安浪先生(右上)と担当編集者の江口さん(右下)、井上さん(左上)、藤沢さん(左下)によるオンラインセミナーは出版社の垣根を越えての開催
安浪先生(右上)と担当編集者の江口さん(右下)、井上さん(左上)、藤沢さん(左下)によるオンラインセミナーは出版社の垣根を越えての開催

 これらの特徴は、拘束時間が長いこと。お弁当持ちで6、7時間というのもザラです。そうすると、家で過去問を解く時間が十分取れなくなり、悩むご家庭が増えます。冠特訓はいいのですが、それ以外の特訓講座では、自分が志望している学校では出題されない問題をやらされることも。もしそうなら、特訓講座を間引いた方がいい場合もあります。  

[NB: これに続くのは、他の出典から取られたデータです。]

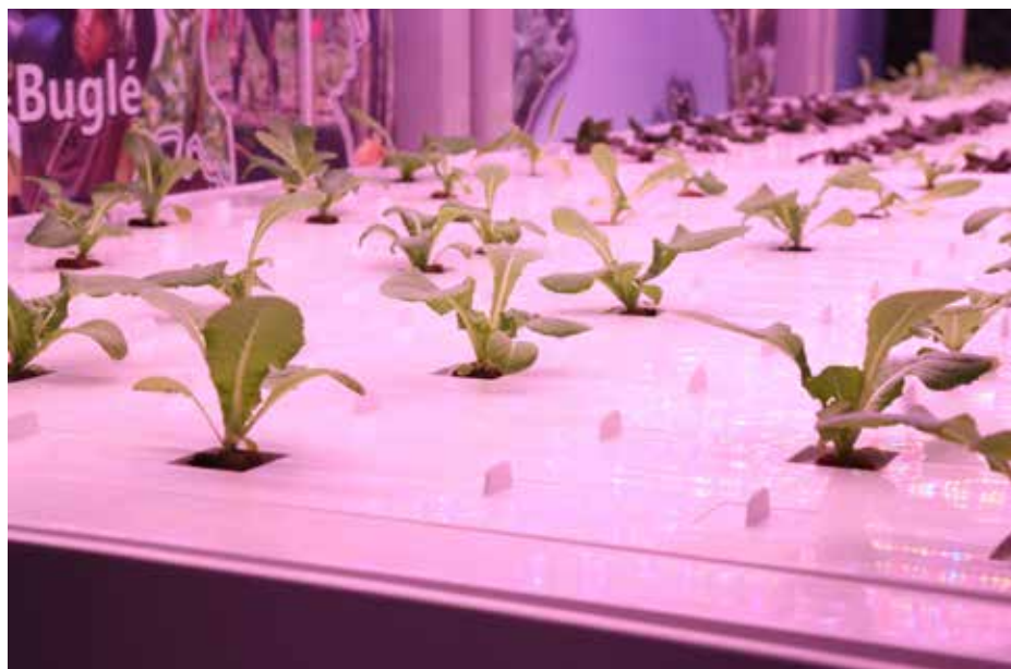
Módulo demostrativo instalado en el IICA en Panamá.

Un módulo de agricultura vertical para demostrar el funcionamiento de este sistema que incorpora alta tecnología, y que se implementará a futuro en el Centro de Investigación y Producción en Ambiente Controlado (Cipac AIP), fue presentado por la Secretaría Nacional de Ciencia, Tecnología e Innovación (Senacyt) y el Instituto Interamericano de Cooperación para la Agricultura (IICA). El Cipac AIP será un centro de excelencia de investigación, de producción, de capacitación y transferencia de conocimientos a los productores, instituciones y centros de investigación. Estará ubicado en Tocumen, en terrenos de la Facultad de Ciencias Agropecuarias de la Universidad de Panamá (UP), y contará con dos centros regionales, en occidente (Chiriquí) y en Azuero (Guararé). “Este centro abordará varios ejes estratégicos para el país: la transformación productiva, el uso de tecnología para mejorar la competitividad y el desarrollo social, la seguridad alimentaria y nos confirma el compromiso del Gobierno Nacional y de la Senacyt de promover la ciencia y la tecnología como herramienta de desarrollo sostenible”, dijo Eduardo Ortega-Barría, secretario nacional de la Senacyt.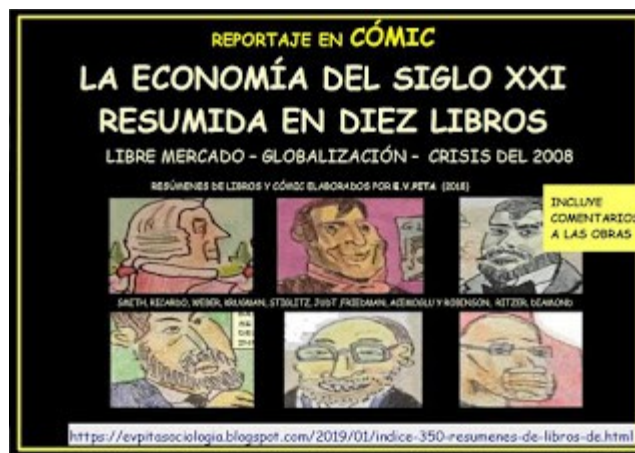
Reportaje en cómic "La economía del siglo XXI resumida en diez libros" (E.V.Pita, 2019)

Descarga en PDF el Reportaje-Cómic "La Economía del siglo XXI resumida en diez libros". Incluye los resúmenes en cómic de diez influyentes libros que reflejan el pensamiento de la Economía Contemporánea del siglo XXI.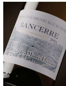
Sancerre blanc « La Côte des Monts Damnés » Kimméridgien p. 11-14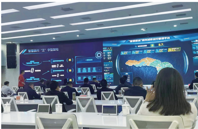
崇州城市运行管理平台

2022年以来，崇州市切实推动网格党建与网格治理服务深度融合，推动“微网实格”实现全域覆盖，不断提高基层精细化治理、精准化服务水平。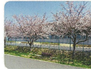
鶴見川土手（木ヶ付ハ-リ）の桜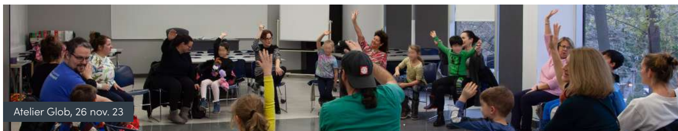
Atelier Glob, 26 nov. 23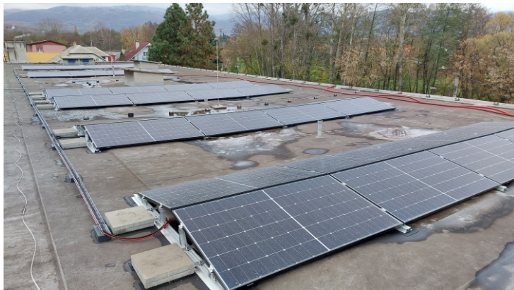
Panely fotovoltaickej elektrárne na budove zdravotného strediska.

Zámer vybudovať pre obecné budovy fotovoltaické elektrárne vznikol na poradách obecného zastupiteľstva a starostky obce ešte v roku 2023 pri tvorbe rozpočtu na rok 2024. Vyhodnotením nákladov na spotrebu elektrickej energie v roku 2023 pre všetky budovy vo vlastníctve obce (je ich spolu 40) sa rozhodlo zastupiteľstvo postaviť obnoviteľné zdroje energie na dvoch budovách, ktoré sa vzhľadom na stavebno-technické parametre a spotrebu energií javili ako najvhodnejšie. Prvou bola budova zdravotného strediska a druhou budova domu kultúry. V rozpočte obce na rok 2024 bola na tento účel vyčlenená čiastka 50 000 €. Prvým krokom, ku ktorému muselo zastupiteľstvo pristúpiť, bolo rozhodnúť o tom, o aký typ elektrárne má obec záujem, pričom vyberali zo štyroch možných alternatív. Vybratá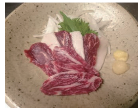
熊本県「千興ファーム」直送の馬刺し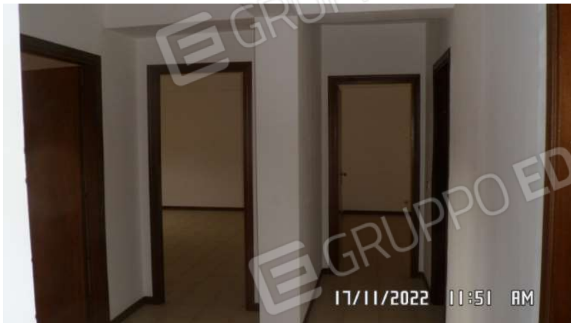
FOTO 3 - VEDUTA DALL' INGRESSO DEL SALONE E DEL LETTO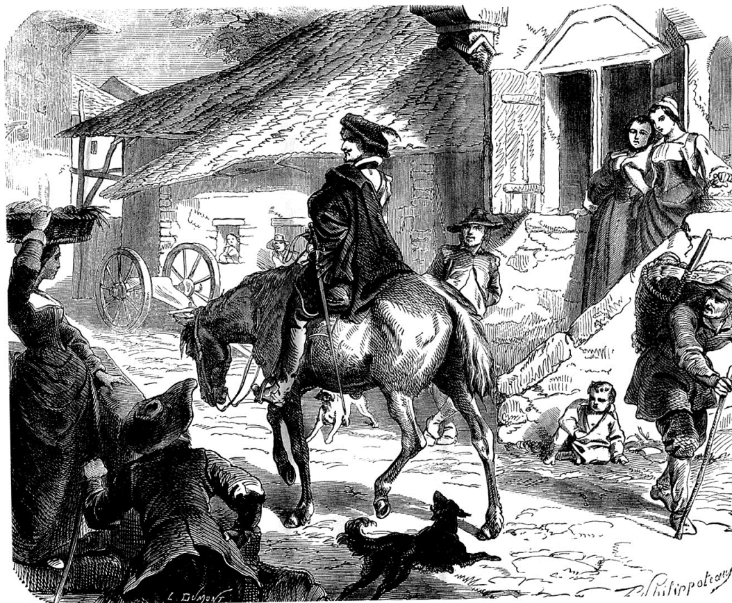
Д'Артаньян у трактира

В одном из городов, недалеко от Парижа, д'Артаньян увидел у трактира роскошную карету и белокурую красавицу вместе с сопровождавшим ее дворянином.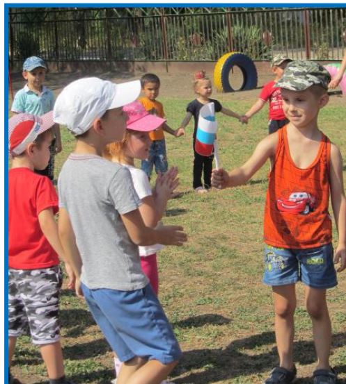
Флэшмоб (с флажками) «Мы дети твои Россия».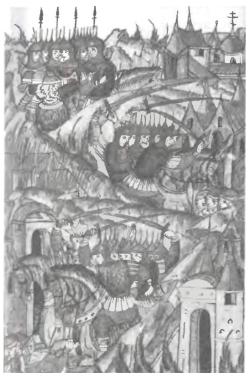
Поход татарских царевичей на «литовские города». 1445 г.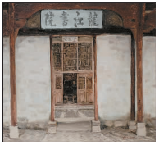
龙江书院(油画) 杨尧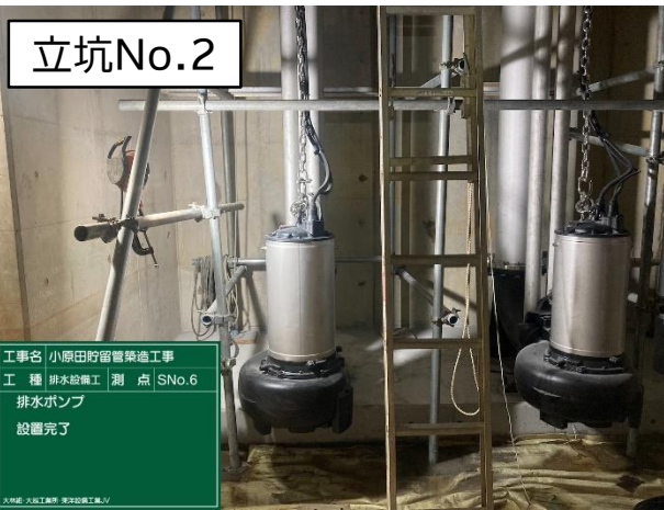
排水ポンプ設置完成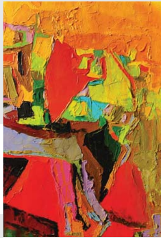
الفن التشكيلي عمل إبداعي تخييلي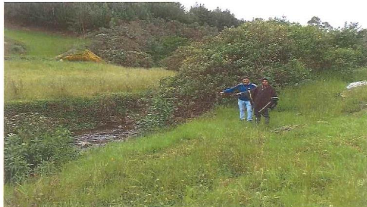
Vista fotográfica del canal San Isidro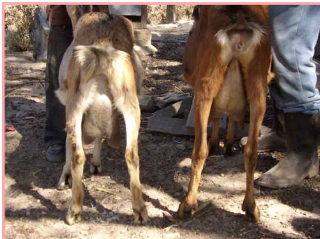
Las cabritas pueden salir preñadas a las 12 semanas de edad. Cabrita de la izquierda preñada antes de tiempo.

Maneje por separado las cabritas y cabritos ya que son capaces de aparearse y concebir a las 12 semanas de edad (3 meses). Las preñadas a temprana edad, además de presentar problemas al parir, producirán menos leche. Recuerde, es mejor que se preñen, cuando alcancen la edad y el peso adecuado.

 また、塾のクラスが荒れてくるのもこの時期の特徴。子どもたちにストレスがたまり、いじめが発生することもあります。


 いじめが原因であるなしにかかわらず、子どもが塾に行くのを嫌がります、という相談も増えてきます。そのようなときは無理させず、休むことを勧めます。


 残りの約3カ月、「これをやればいい」というものはありません。講座を間引く、塾をやめて個別指導に切り替える、など今置かれた状況に合わせながら、細かく打ち手を考えていく必要がある時期です。


──志望校を最終的にどうするか悩ましいです。


 いちばん多いのは、「志望校の合格圏内に届かない」ということです。我々としたら、志望校別の模擬試験を受けてきて、40%の合格率を取ってきたら、「お、40%取ってきたか! 残り3カ月頑張るぞ!」となりますが、親からすると60%でも不安なんですね。


 第1志望はともかく、併願校が決まらない、という悩みも多いです。子どもの希望を聞いていると全部難関になってしまう、というのもありますし、親のほうが「こんな偏差値が下の学校に行かせたくない」と志望校の選択にバイアスがかかってしまう場合もある。


■受験動向の変化に注意


 たいていの塾は第1志望校に応じて併願パッケージを持っていますが、これはあくまで日程を偏差値で組んだもの。子どもに合うか否かは度外視です。特にコロナによって受験の動向も変わり、合格可能性や通学時間など、多角的に「安全志向」が高まりました。塾が提示したパッケージを鵜呑みにせず、わが子に合うプランについてアドバイスをもらいましょう。